To prepare extracts from plant materials with safe, natural solvents, supercritical extraction (SCF) with carbon dioxide (CO₂) was selected as the extraction method. In many studies, the method has been introduced as a pioneering technique for obtaining high-quality essential oils with minimal loss of its components, thus preserving its antimicrobial properties very well (Yousefi et al., 2019). Furthermore, the supercritical CO₂ extract was found to contain high levels of active constituents, the sesquiterpenes, and to be stable in semisolid preparations (Bilia et al., 2006). The technique also represents an environmentally friendly process that can replace many ecologically harmful or potentially hazardous organic solvents (Raventós et al., 2002). It is becoming cost-effective on a production scale and is often used to extract natural materials that can be used in the food, pharmaceutical, and cosmetic industries (Soquetta et al., 2018).

The pharmaceutical and cosmetic industries need new formulations and active ingredients constantly. Extracts from natural materials represent a rich source of bioactive components that can be used for various applications. However, the literature mentions significant differences between natural extracts of the same material obtained by different extraction methods, conditions and solvents. Even within the same species, extracts vary considerably due to environmental and genetic factors. Therefore, investigations are encouraged of the differences between extracts from different material sources and extraction conditions (Talmaciu et al., 2015).
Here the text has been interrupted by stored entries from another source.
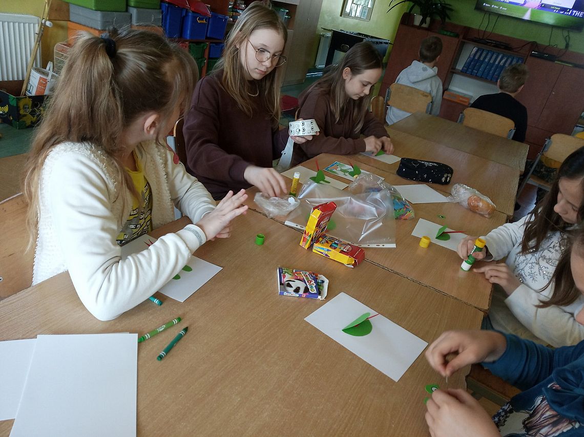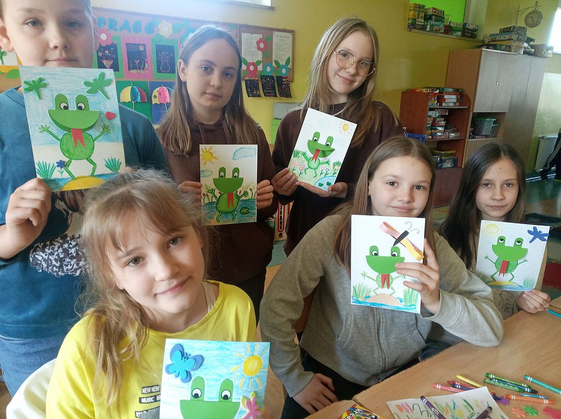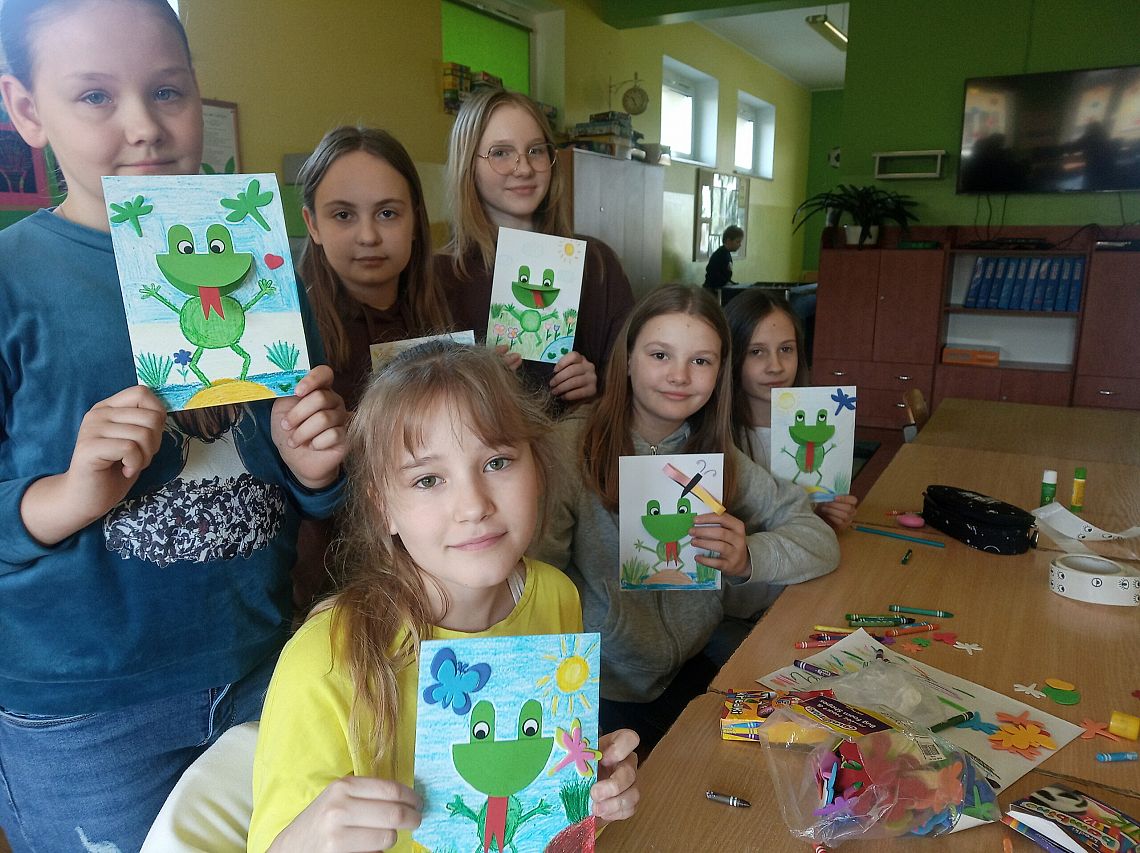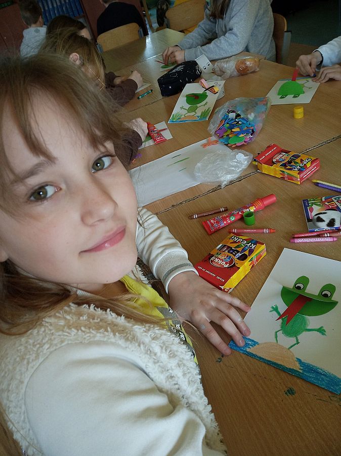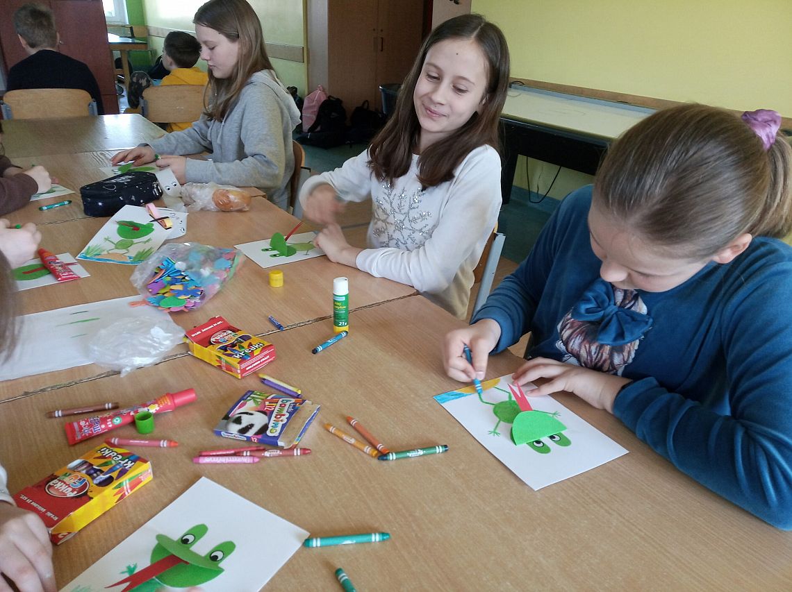 W dniu dzisiejszym odbyły się wiosenne warsztaty manualno - plasyczne na świetlicy szkolnej. Uczniowie pod opieką wychowawców świetlicy mieli okazję uczyć się od siebie oraz w miłej atmosferze wykreować postacie żabek.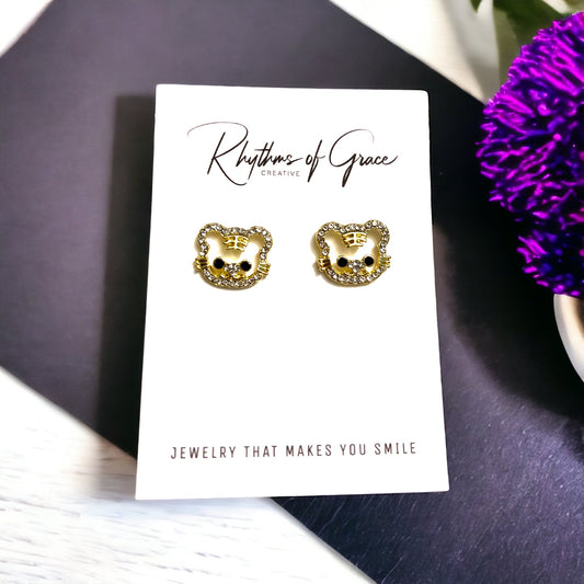 Roar in Style: Rhinestone Tiger Stud Earrings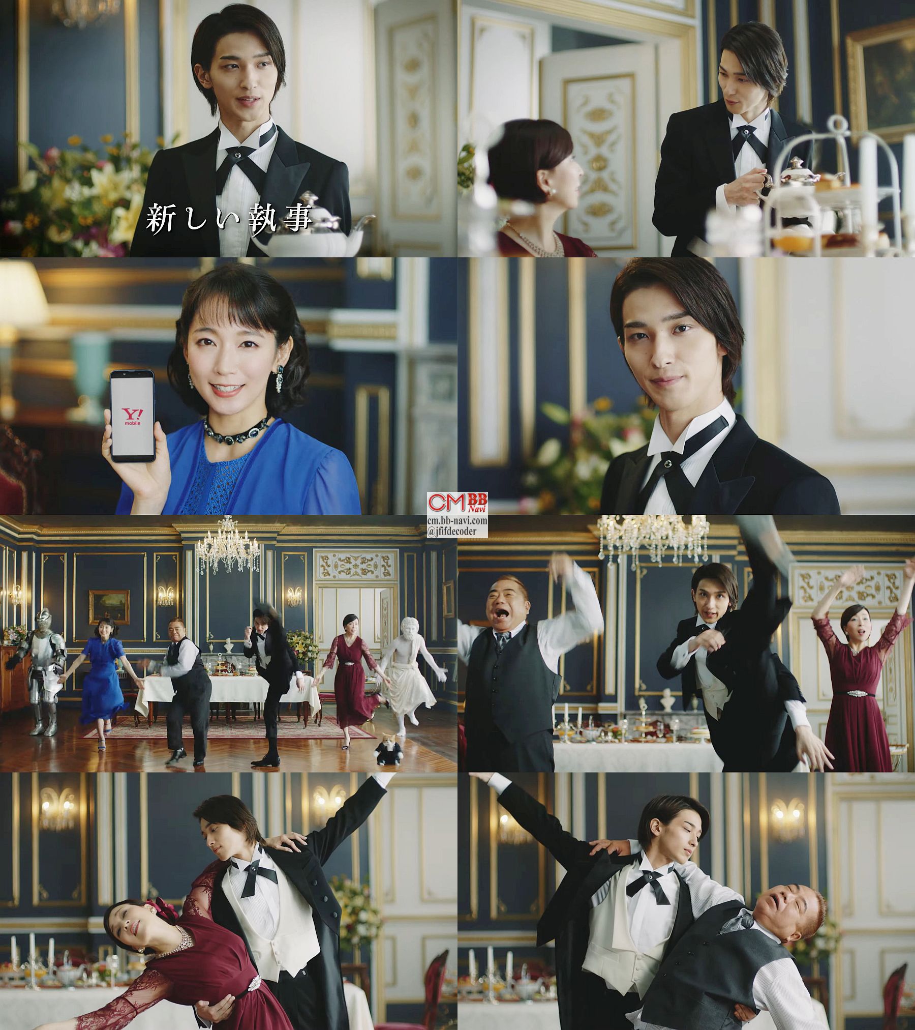 御得家の執事役に俳優の横浜流星さんが「奥様、今日もお綺麗です」「新しい執事です」と登場し、真矢ミキさんが「だって古いより、新しいほうがいいでしょ」 吉岡里帆さんが「そう、ワイモバの料金も新しくなったの」と、全員でCM曲”ジンギスカン”で「ワイワイワイモバー♪お得な新料金 凄いぞ新料金 得・得・お得感〜♪」と歌って踊って、横浜流星さんはハイキックを連続で繰り出し、女性ナレーションが『新しいイチヨンパは縛り無し』と言います。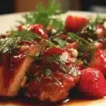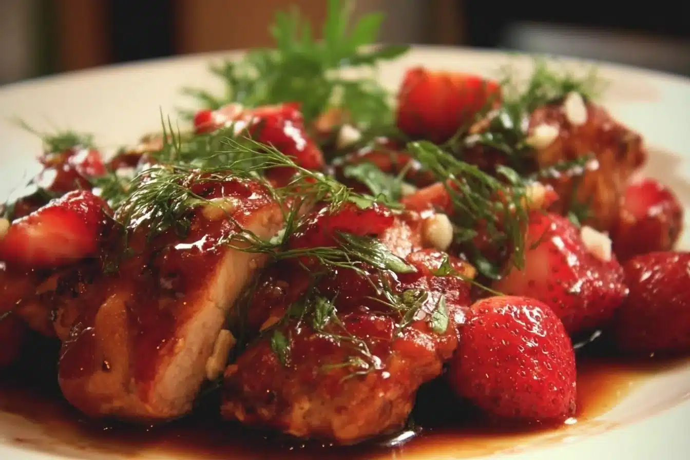 A delightful recipe combining the sweetness of strawberries with savory chicken, creating a visually stunning and delicious dish.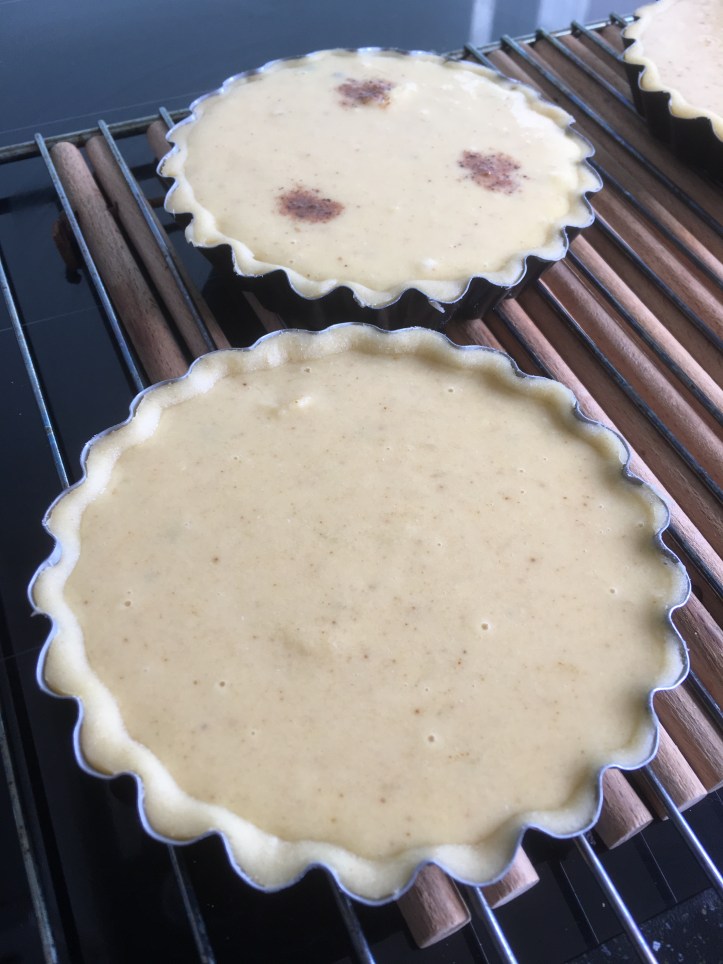 - Répartissez le mélange dans les moules à tarte.Mon petit plus : j’aime bien ajouter une déco réalisée avec la reste de pâte. J’utilise un de mes emporte-pièce pour réaliser cela rapidement. Pour ces tartelettes j’ai confectionné des fleurs. Ça m’amuse !

The aim of this study was to determine the optimal conditions (temperature and pressure) of SCF extraction to achieve the maximum extraction efficiency and content of active components (antioxidants, total phenols, and proanthocyanidins). The quality of the extract was evaluated by the determination of the content of biologically active components (antioxidant activity, phenolics and proanthocyanidins), and those with the highest proportion were subjected to further testing on their antimicrobial activity. The extract with the highest antioxidant activity was tested for cytotoxic activity against melanoma cells. This study describes the effect of temperature and pressure on the supercritical fluid extraction of Arnica. Optimum extraction conditions were determined with respect to the yield of biologically active compounds in the extract.

2 Materials and Methods

The Arnica montana was purchased from Alfred Galke (Samtgemeinde Bad Grund, Germany). The materials were supplied dried. The dried material was ground and then extracted. The extract was stored in the freezer until it was used for analysis. All analyses were performed within 1 month.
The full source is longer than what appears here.